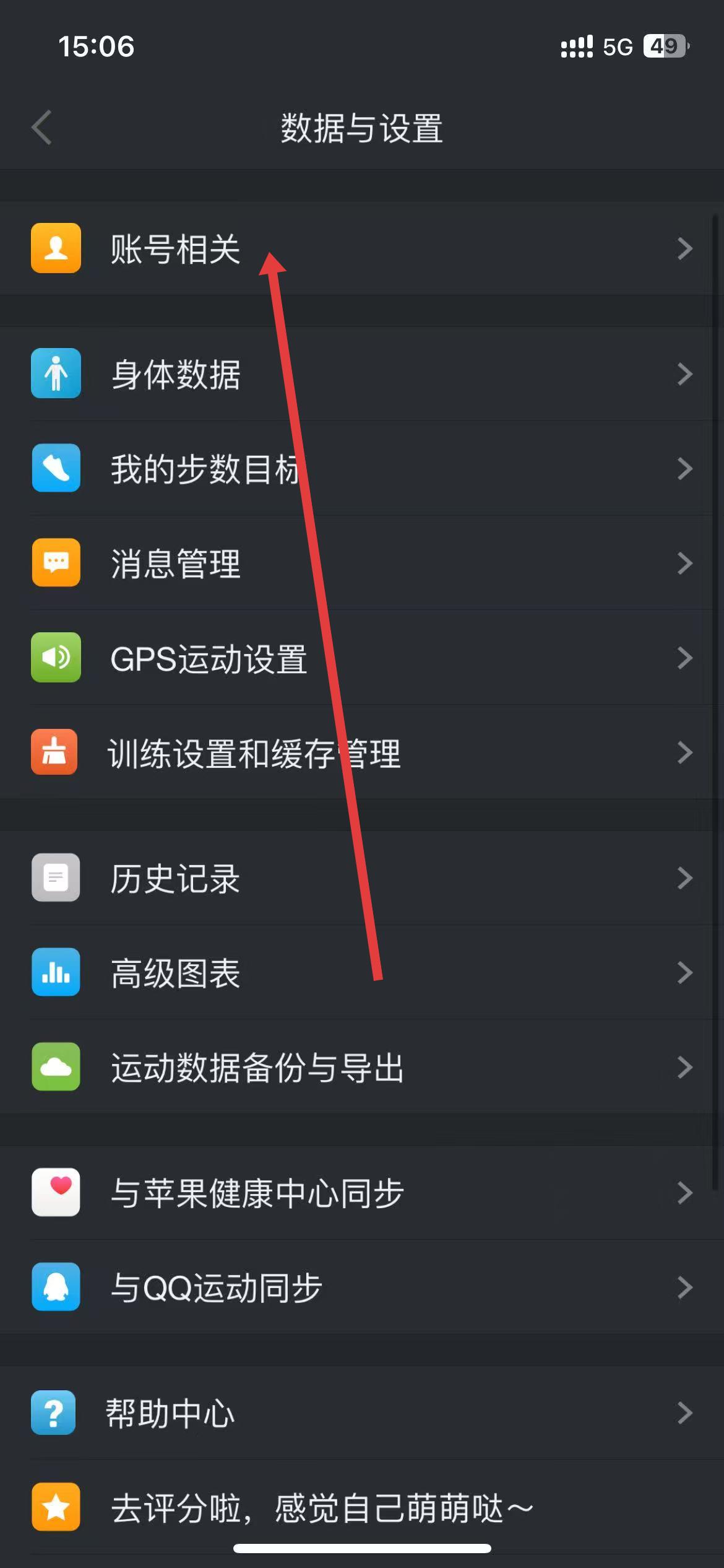 3、在數(shù)據(jù)與設(shè)置頁面,找到并點擊賬號相關(guān)選項。
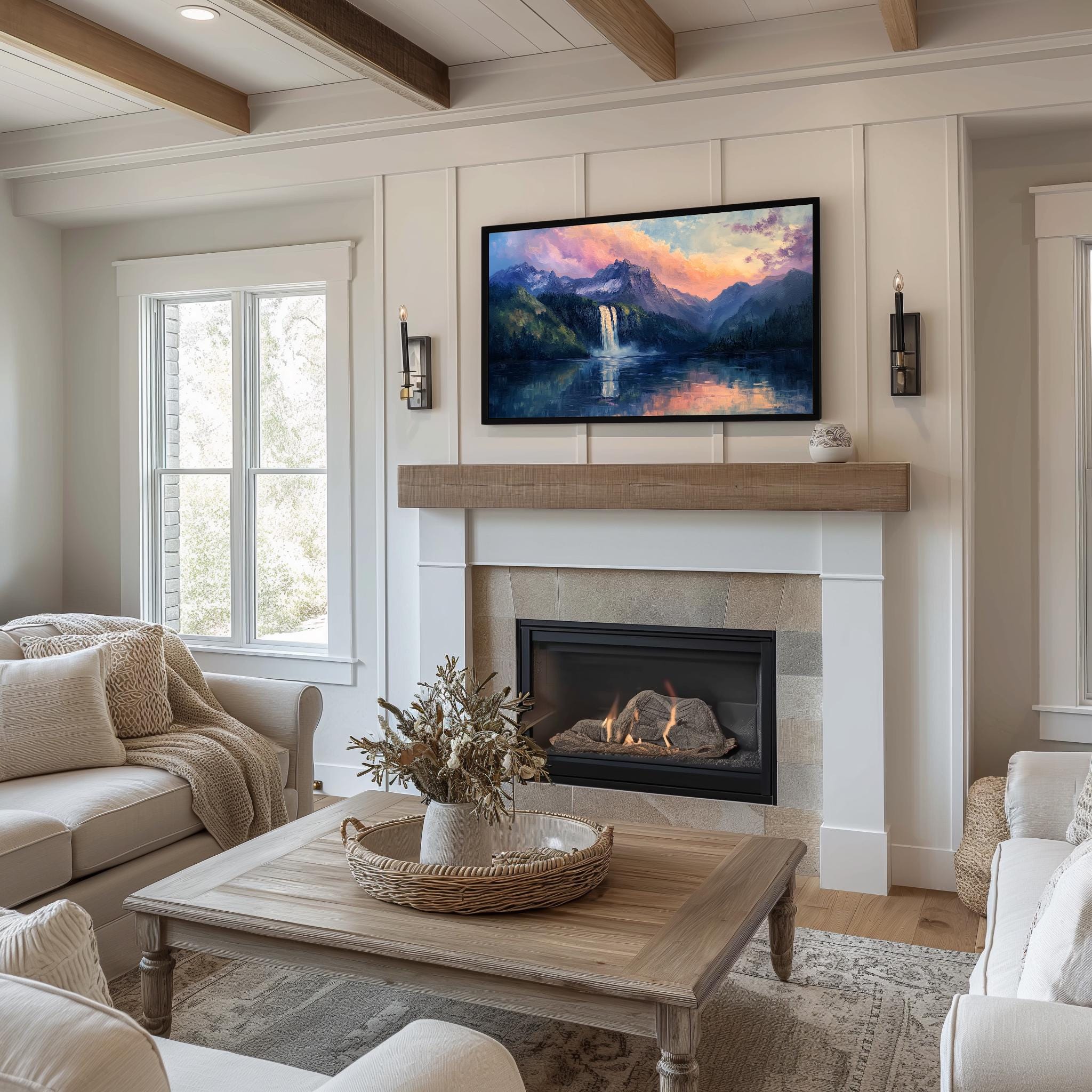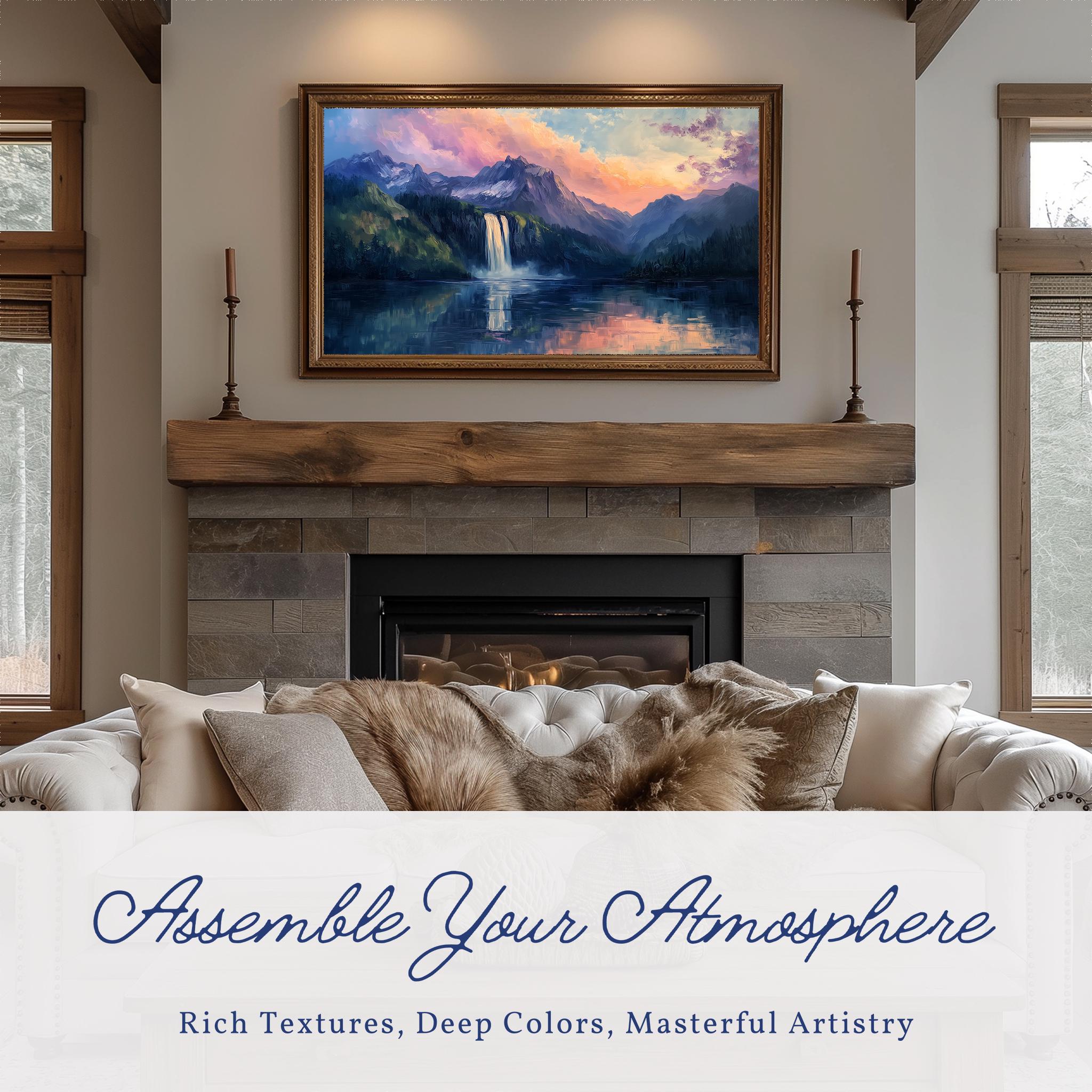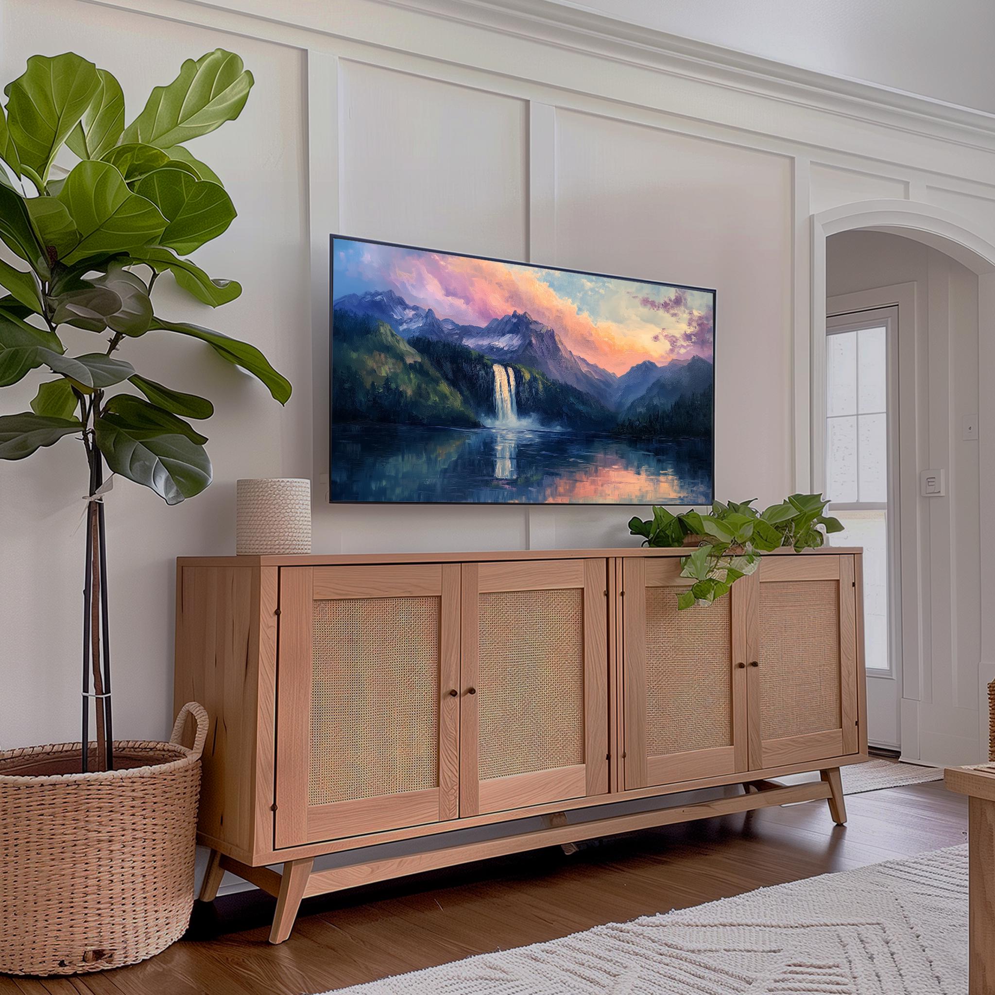 Mountain Waterfall Sunrise TV Art Bring the tranquility of nature into your living space with this stunning Mountain Waterfall Sunrise TV Art. This digital download features a serene landscape painting that captures the beauty of a cascading waterfall bathed in the warm hues of a sunrise. Perfect for your Samsung Frame TV, this artwork transforms your wall into a picturesque escape, evoking feelings of peace and rustic charm. Perfect for any season, this artwork enhances your home decor year-round.
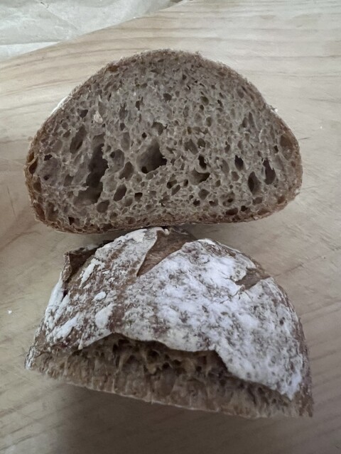 カンパーニュは余り生地で作ったミニサイズを選びました。噛みごたえがあり控えめな酸味とシンプルな味のパンで好みでした。
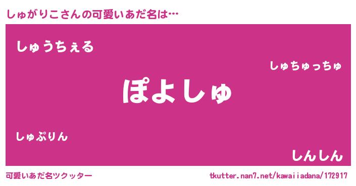 | 男性向けラノベタイトル風あだ名 | 『魔弾の王としゅがりこ』 |
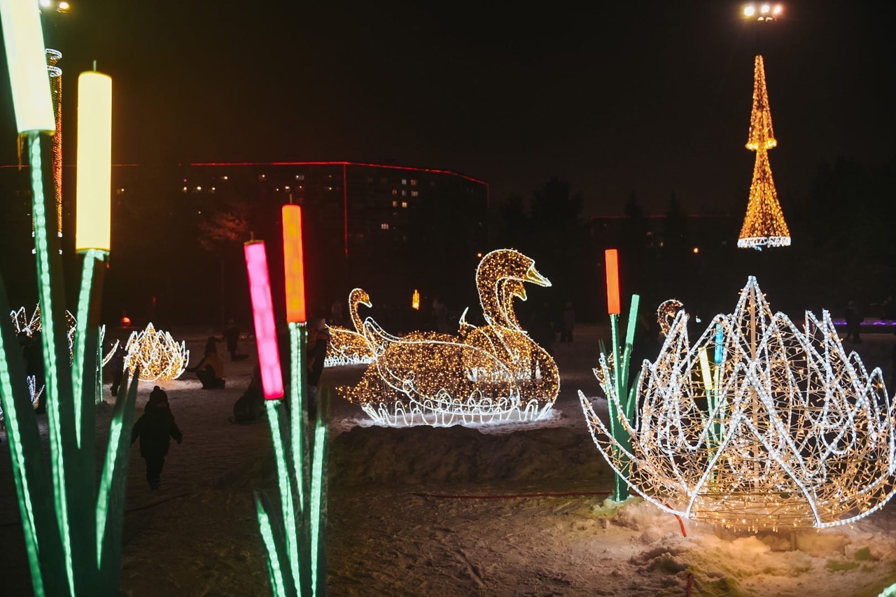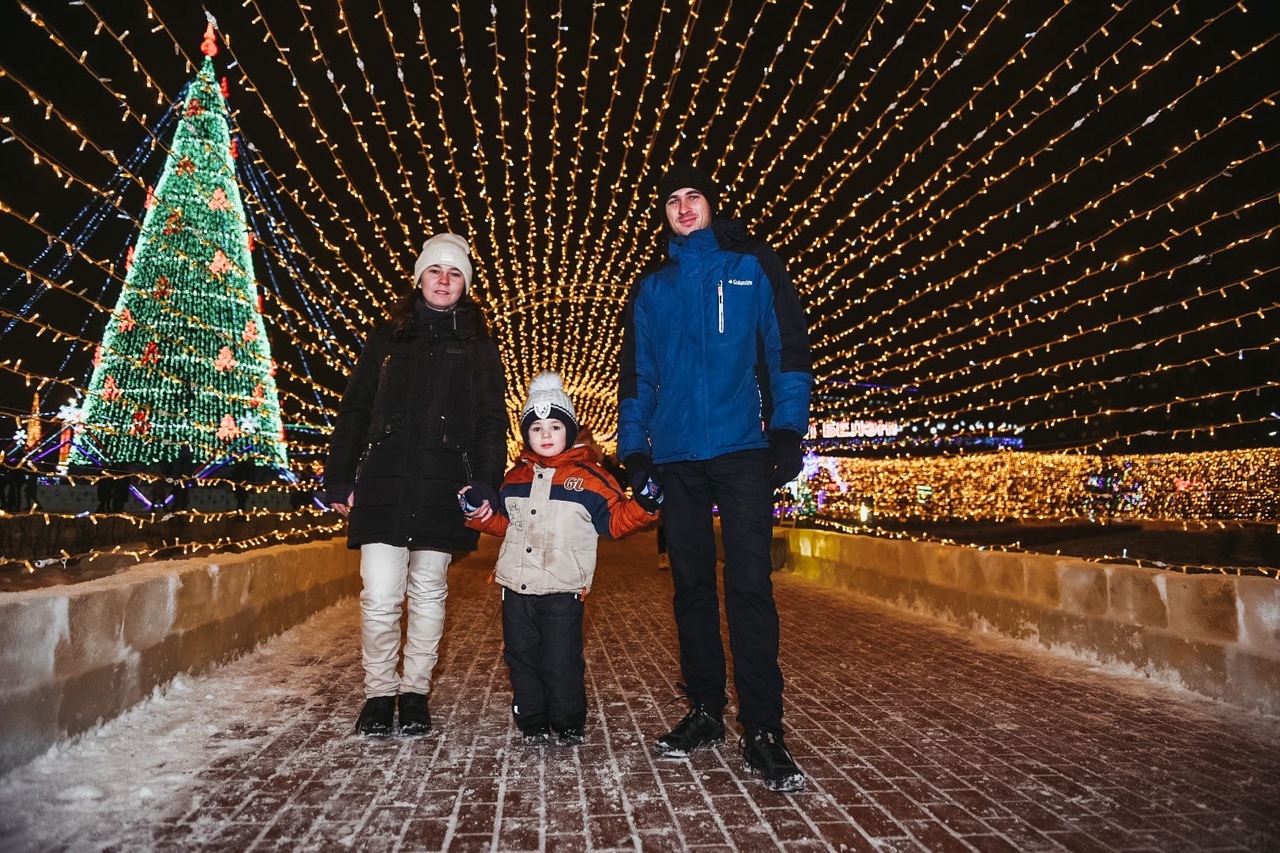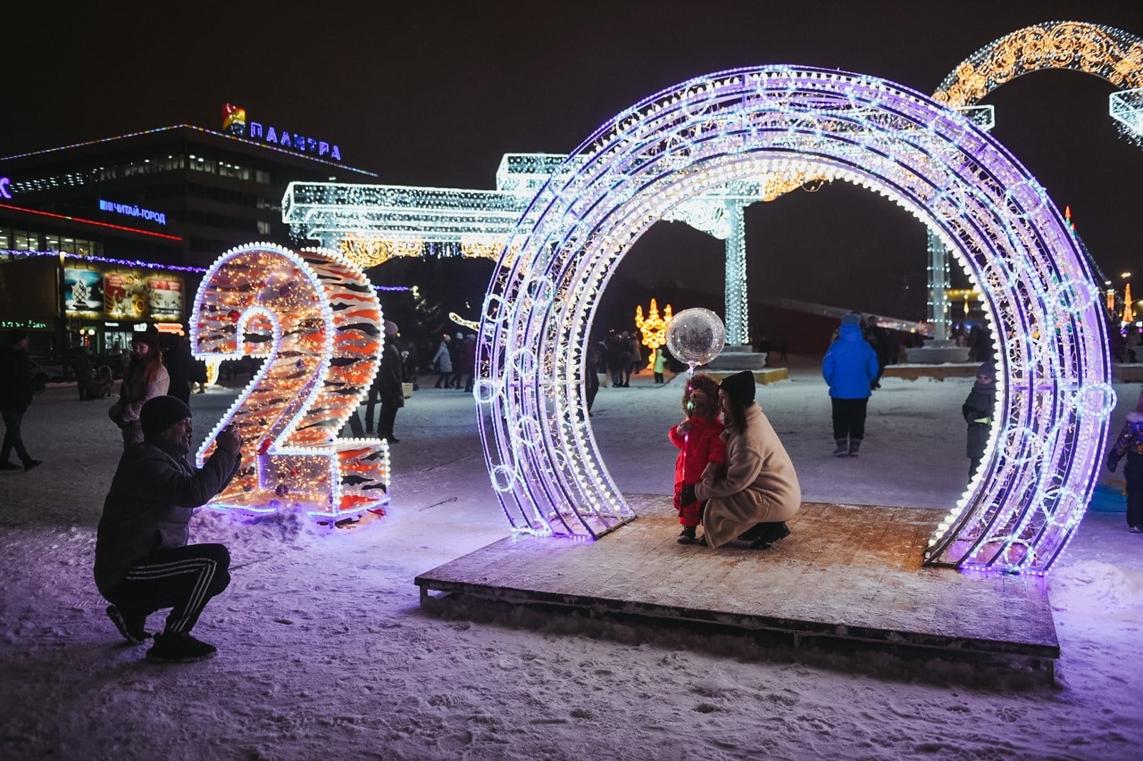 Вся площадь засияла огнями, музыкой. Подсветка в виде конфет и хлопушек появилась на столбах освещения, на деревьях раскинулись цветные огни.
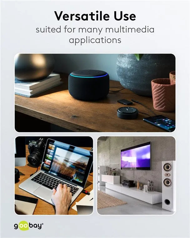 The Goobay Plus series comes in a slim, elegant metal design in Sharkskin Grey. The RCA cable is your simple solution for transmitting crystal-clear sound from smartphones, laptops or home cinema systems - for easily enjoying film and music in superior quality.
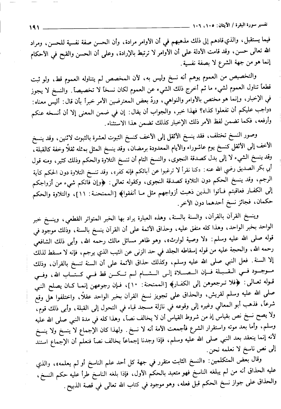 وصور النسخ تختلف، فقد ينسخ الأثقل إلى الأخف كنسخ الثبوت لعشرة بالثبوت لاثنين، وقد ينسخ الأخف إلى الأثقل كنسخ يوم عاشوراء والأيام المعدودة برمضان، وقد ينسخ المثل بمثله ثقلا وخفة كالقبلة، وقد ينسخ الشيء لا إلى بدل كصدقة النجوى، والنسخ التام أن تنسخ التلاوة والحكم وذلك كثير، ومنه قول أبي بكر الصديق رضي الله عنه: «كنا نقرأ لا ترغبوا عن آبائكم فإنه كفر» ، وقد تنسخ التلاوة دون الحكم كآية الرجم، وقد ينسخ الحكم دون التلاوة كصدقة النجوى، وكقوله تعالى: وَإِنْ فاتَكُمْ شَيْءٌ مِنْ أَزْواجِكُمْ إِلَى الْكُفَّارِ فَعاقَبْتُمْ فَآتُوا الَّذِينَ ذَهَبَتْ أَزْواجُهُمْ مِثْلَ ما أَنْفَقُوا [الممتحنة: ١١] ، والتلاوة والحكم حكمان، فجائز نسخ أحدهما دون الآخر.
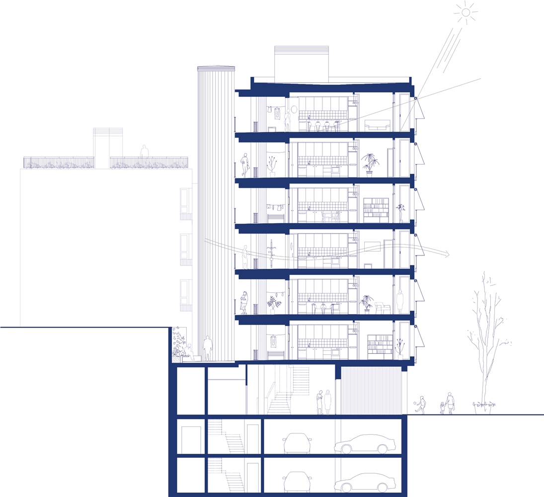 La estrategia energética prioriza sistemas pasivos que reducen la demanda. El patio interior garantiza la ventilación cruzada natural, gracias al enfrentamiento de fachadas en condiciones climáticas opuestas. La cocina se ilumina y ventila a través de ellas, manteniendo el confort climático durante todo el año. Se favorece la captación solar a través de ventanales en fachadas sur y oeste, protegidos en verano mediante aleros y toldos móviles. La captación se aprovecha al máximo gracias a la gran inercia térmica de la estructura de hormigón sin falsos techos. Más allá de priorizar los sistemas pasivos, se propone un sistema de climatización muy optimizado para la demanda energética restante: un sistema de aerotermia centralizado y reforzado con placas fotovoltaicas. Finalmente se propone el uso de materiales reciclados y reciclables (paneles de tiza, aluminio...).
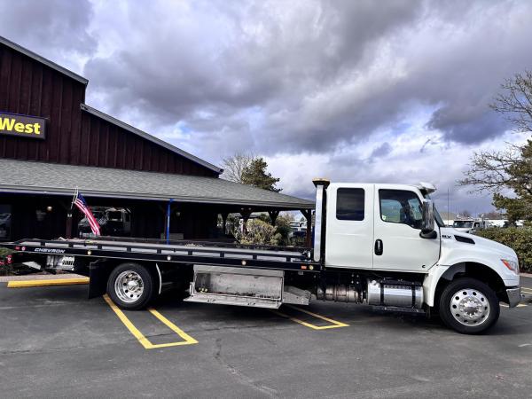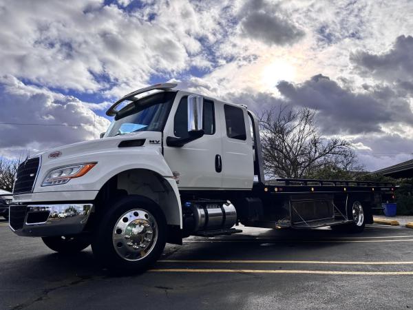 2025 International Model MV Extended cab. Cummins ISB 6.7L, 260HP @ 2,300 rpm, 660 lb-ft @ 1,600 rpm, Allison RDS-2200 6 Speed Auto, Air Brakes, Air Dryer Heater, Exhaust Brake, Front Axle: Dana-Spicer I-Beam 8,000lb w/ Shock Absorbers, Rear Axle: Dana-Spicer 17,500lb, 20,000lb Air Ride Suspension, 4.88 Rear Axle Ratio, Chrome Bumper, black Grille, Air Ride Driver Seat, Air ride Passenger Seat, rear bench seat. Idle Up, Cruise Control, Tilt-Wheel, AM/FM/CD/MP3 w/ Bluetooth, Air Horn, Engine Block Heater, Dual 40-50 Gal Alum Fuel Tanks, 7 Gal DEF Tank, Power Windows, Power Door Locks, Power heated Mirrors. A/C, 255/70R22.5 Tires w/ 22.5 Alum Wheels, Cup holders.Visor 25,500 GVWR,Extended Warranties.- Engine Warranty: 5 yr / 300k miles PPI & after treatment, and Tranny Warranty: 7 yr / Unlimited Miles.
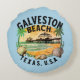 Travesseiro redondo decorativo com uma vinheta retrô estilo da praia Galveston, frente d'água TX. Disponível em várias roupas e acessórios.

About this task: Reproduce all of the material above word for word. Omit the pictures.

The answer:
 3、在數(shù)據(jù)與設(shè)置頁面,找到并點擊賬號相關(guān)選項。
 Mountain Waterfall Sunrise TV Art Bring the tranquility of nature into your living space with this stunning Mountain Waterfall Sunrise TV Art. This digital download features a serene landscape painting that captures the beauty of a cascading waterfall bathed in the warm hues of a sunrise. Perfect for your Samsung Frame TV, this artwork transforms your wall into a picturesque escape, evoking feelings of peace and rustic charm. Perfect for any season, this artwork enhances your home decor year-round.
 カンパーニュは余り生地で作ったミニサイズを選びました。噛みごたえがあり控えめな酸味とシンプルな味のパンで好みでした。
 | 男性向けラノベタイトル風あだ名 | 『魔弾の王としゅがりこ』 |
 Вся площадь засияла огнями, музыкой. Подсветка в виде конфет и хлопушек появилась на столбах освещения, на деревьях раскинулись цветные огни.
 The Goobay Plus series comes in a slim, elegant metal design in Sharkskin Grey. The RCA cable is your simple solution for transmitting crystal-clear sound from smartphones, laptops or home cinema systems - for easily enjoying film and music in superior quality.
 وصور النسخ تختلف، فقد ينسخ الأثقل إلى الأخف كنسخ الثبوت لعشرة بالثبوت لاثنين، وقد ينسخ الأخف إلى الأثقل كنسخ يوم عاشوراء والأيام المعدودة برمضان، وقد ينسخ المثل بمثله ثقلا وخفة كالقبلة، وقد ينسخ الشيء لا إلى بدل كصدقة النجوى، والنسخ التام أن تنسخ التلاوة والحكم وذلك كثير، ومنه قول أبي بكر الصديق رضي الله عنه: «كنا نقرأ لا ترغبوا عن آبائكم فإنه كفر» ، وقد تنسخ التلاوة دون الحكم كآية الرجم، وقد ينسخ الحكم دون التلاوة كصدقة النجوى، وكقوله تعالى: وَإِنْ فاتَكُمْ شَيْءٌ مِنْ أَزْواجِكُمْ إِلَى الْكُفَّارِ فَعاقَبْتُمْ فَآتُوا الَّذِينَ ذَهَبَتْ أَزْواجُهُمْ مِثْلَ ما أَنْفَقُوا [الممتحنة: ١١] ، والتلاوة والحكم حكمان، فجائز نسخ أحدهما دون الآخر.
 La estrategia energética prioriza sistemas pasivos que reducen la demanda. El patio interior garantiza la ventilación cruzada natural, gracias al enfrentamiento de fachadas en condiciones climáticas opuestas. La cocina se ilumina y ventila a través de ellas, manteniendo el confort climático durante todo el año. Se favorece la captación solar a través de ventanales en fachadas sur y oeste, protegidos en verano mediante aleros y toldos móviles. La captación se aprovecha al máximo gracias a la gran inercia térmica de la estructura de hormigón sin falsos techos. Más allá de priorizar los sistemas pasivos, se propone un sistema de climatización muy optimizado para la demanda energética restante: un sistema de aerotermia centralizado y reforzado con placas fotovoltaicas. Finalmente se propone el uso de materiales reciclados y reciclables (paneles de tiza, aluminio...).
 2025 International Model MV Extended cab. Cummins ISB 6.7L, 260HP @ 2,300 rpm, 660 lb-ft @ 1,600 rpm, Allison RDS-2200 6 Speed Auto, Air Brakes, Air Dryer Heater, Exhaust Brake, Front Axle: Dana-Spicer I-Beam 8,000lb w/ Shock Absorbers, Rear Axle: Dana-Spicer 17,500lb, 20,000lb Air Ride Suspension, 4.88 Rear Axle Ratio, Chrome Bumper, black Grille, Air Ride Driver Seat, Air ride Passenger Seat, rear bench seat. Idle Up, Cruise Control, Tilt-Wheel, AM/FM/CD/MP3 w/ Bluetooth, Air Horn, Engine Block Heater, Dual 40-50 Gal Alum Fuel Tanks, 7 Gal DEF Tank, Power Windows, Power Door Locks, Power heated Mirrors. A/C, 255/70R22.5 Tires w/ 22.5 Alum Wheels, Cup holders.Visor 25,500 GVWR,Extended Warranties.- Engine Warranty: 5 yr / 300k miles PPI & after treatment, and Tranny Warranty: 7 yr / Unlimited Miles.
 Travesseiro redondo decorativo com uma vinheta retrô estilo da praia Galveston, frente d'água TX. Disponível em várias roupas e acessórios.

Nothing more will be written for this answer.